55 Council Decision 2000/642/JHA concerning arrangements for cooperation between financial intelligence units of the Member States in respect of exchanging information. The UK re-joined this Decision and 34 other EU measures in December 2014, after deciding to opt out en masse of EU police and criminal justice measures adopted under the pre-Lisbon Treaty arrangements.

56 Under Article 4a of Protocol 21 to the EU Treaties, the Council may decide that the UK can no longer participate in an existing EU measure if the UK’s non-participation in an amending measure would make it inoperable for other Member States. An amending measure includes a measure which repeals and replaces an earlier EU measure.

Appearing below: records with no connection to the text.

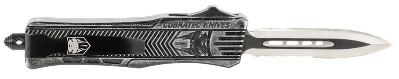 The Cobratec CTK-1 is a small out-the-front (OTF) dagger knife featuring a 2.75" part-serrated D2 steel blade with a stonewashed aluminum handle. It includes a glass breaker and pocket clip, with an overall length of 7". This trigger-activated OTF knife is designed for everyday carry and utility purposes.
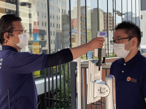 出社前・出社時の体温測定、手洗い・うがい・手指消毒の徹底、マスクの着用、一部手袋やフェイスシールドの着用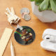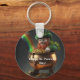 A keychain with a leprechaun carrying a pot of gold with a rainbow behind him. You can edit or personalize the text. On the back is a four leaf clover. Matching products available.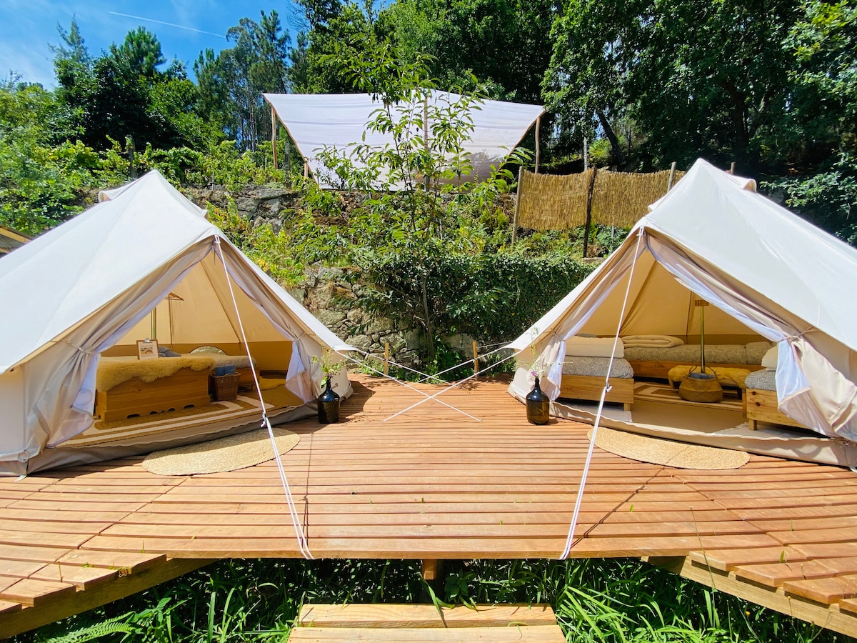 プライベートバスルームとテラスを備えた豪華グランピングエリア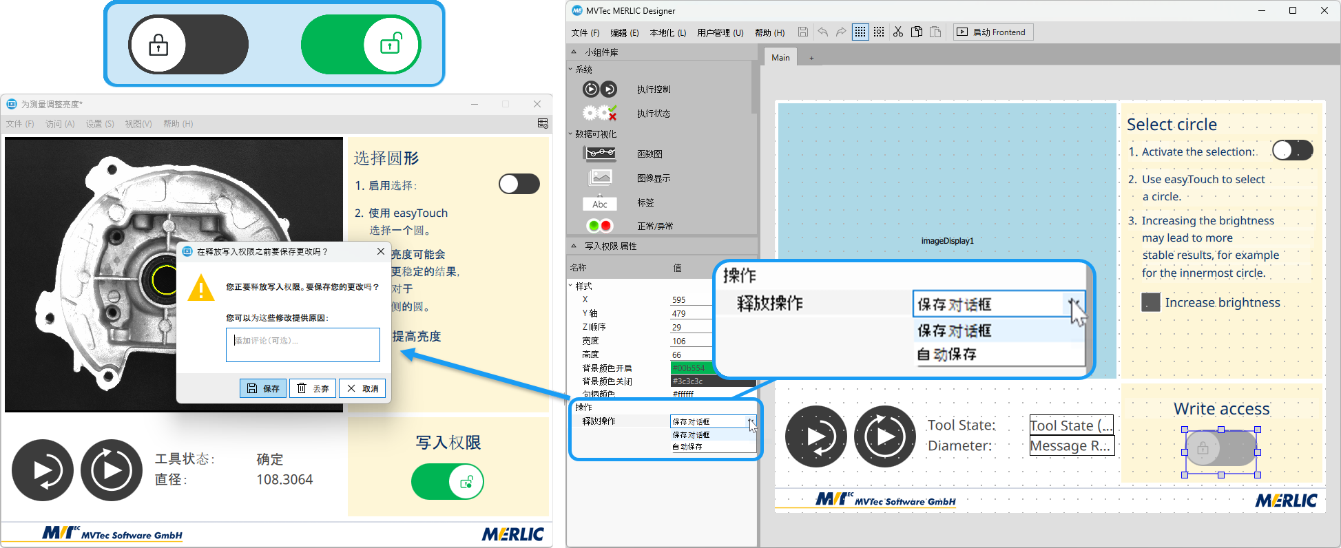 “写入权限”小组件的配置选项也得到了扩展。在为 MVApp 创建 Frontend 设计时,现在可以选择所谓的释放操作,该操作会在释放 Frontend 写入权限但仍有未保存的更改时触发。您可以选择自动保存更改,或者显示保存对话框,其允许 Frontend 用户放弃更改或指定更改原因。结合用户管理功能,还可以配置多个具有不同释放操作的“写入权限”小组件,例如为具有不同授权权限的用户在不同的视图上配置这些小组件。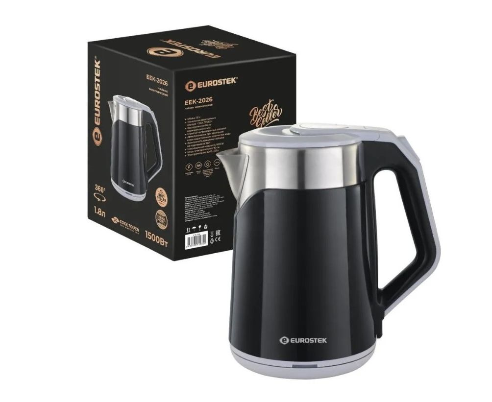 Чайник Eurostek EEK-2026 черный, 1500Вт, 1,8 литр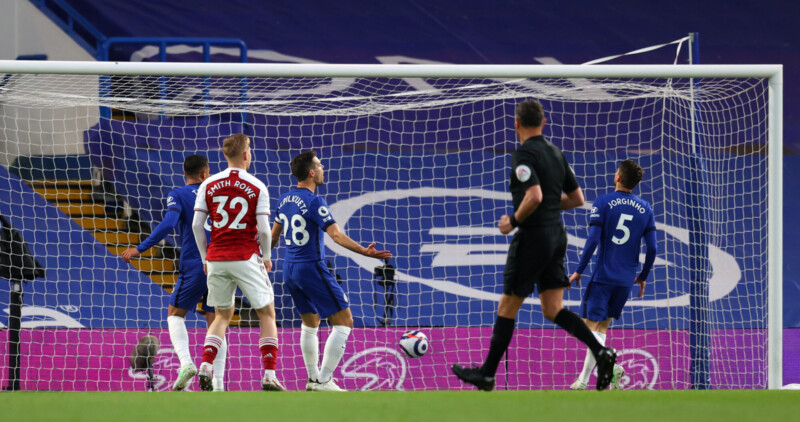 But on 16 minutes a terrible mistake by Jorginho saw the Italian under pressure put the ball back towards his own goal. Kepa did his best to scoop the ball off his goal line, but the ball fell to Smith Rowe who slotted the ball home to give the visitors a 1-0 lead.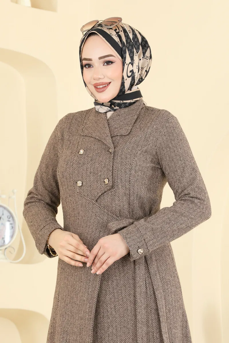 Kruvaze Yaka Balıksırtı Ferace 24025UKB139-MS Vizyon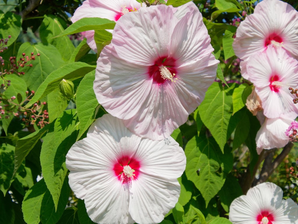 アメリカフヨウは一日花なので、毎日お花が咲いていますが、日によって咲く枝が違っていて、写真のようにいっせいにタイミングが合うのは珍しいです。左に1つ、つぼみが写っていますが、これも同時に咲いてくれたら最高でした。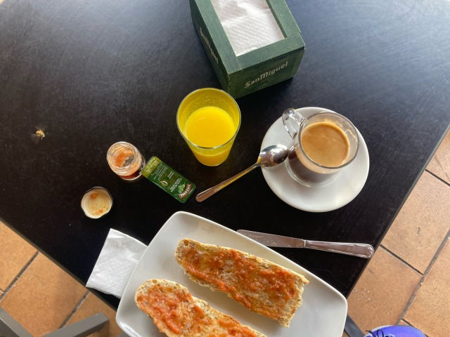 The breakfast is disappointing and – at €6,45 – more expensive than I would’ve paid at the albergue. It is possible to have €2,50 breakfasts in Spain, but not healthy ones. €2,50 will usually get you a cafe con leche and bread with jam or a sweet pastry – tasty, but not exactly the breakfast of champions. Lots of cream and sugar there. Then again, maybe walking this much none of that matters. Still it’s hard for me to unlearn a lifetime of being taught that you need to eat sauerkraut, knäckebröd and kale every day or your body will FAIL. Thank you, #SwedishMother.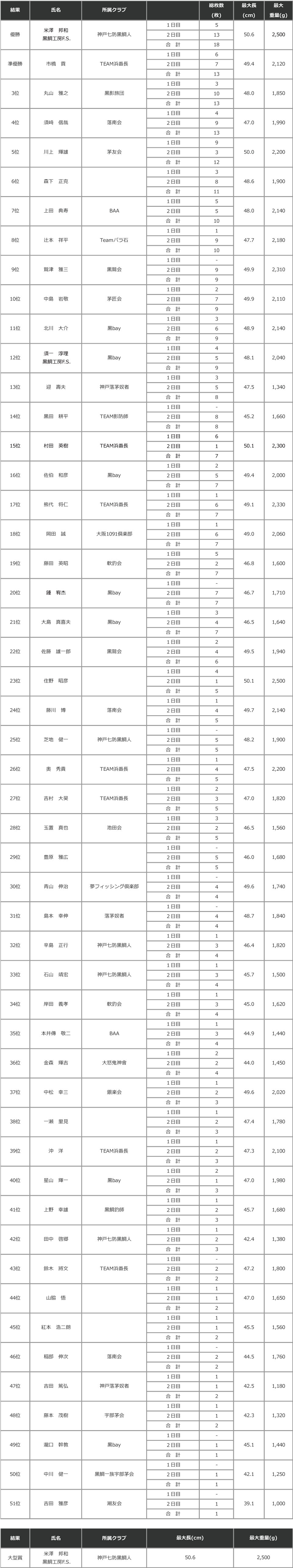 今大会は過去に例のない釣果でもあり、2日間を通しての総枚数は303枚、全選手に釣果があったのも過去18回で初めての記録となりました。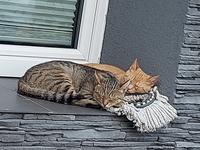 Micka na stole a cierna ozaj vyzeraju ako po nejakej party 😄 Tie macacie pozy 🥰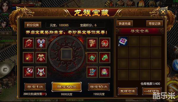 3、积分兑换:每寻宝1次能够获得1点的寻宝积分,玩家们消耗寻宝积分可以兑换装备、进阶材料等道具,还能进行男女装备的互换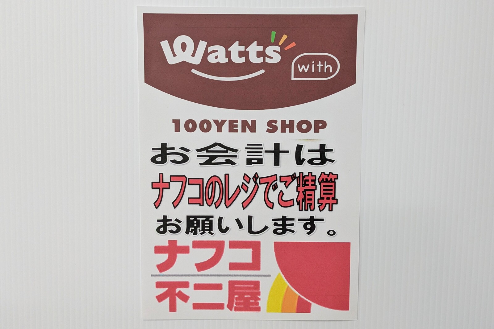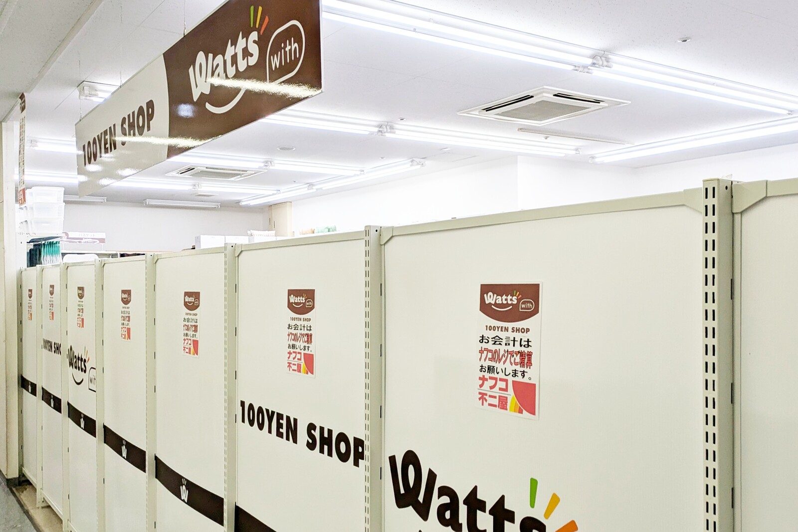 こちら。ナフコ坂下店内の一角に100円ショップの「ワッツウィズ」が誕生。11月22日にオープンしたとのこと。

57 Recital (27) of the proposed Directive makes clear that the transfer of financial data outside the EU must comply with EU data protection rules on the transfer of personal data to third countries.

58 The EU’s Fourth and Fifth Anti-Money Laundering Directives cite an internal market (Article 114 TFEU) legal base.

59 See Directive (EU) 2015/849 on the prevention of the use of the financial system for the purposes of money laundering or terrorist financing.

60 See the agreed text. For further information, see our Twelfth Report HC 301–xii (2017–19), chapter 14 (31 January 2018) on the Fifth Anti-Money Laundering Directive.

61 See p.2 of the Commission’s explanatory memorandum accompanying the proposed Directive.

63 See Article 122 of the draft Withdrawal Agreement.

64 See recital (27) of the proposed Directive.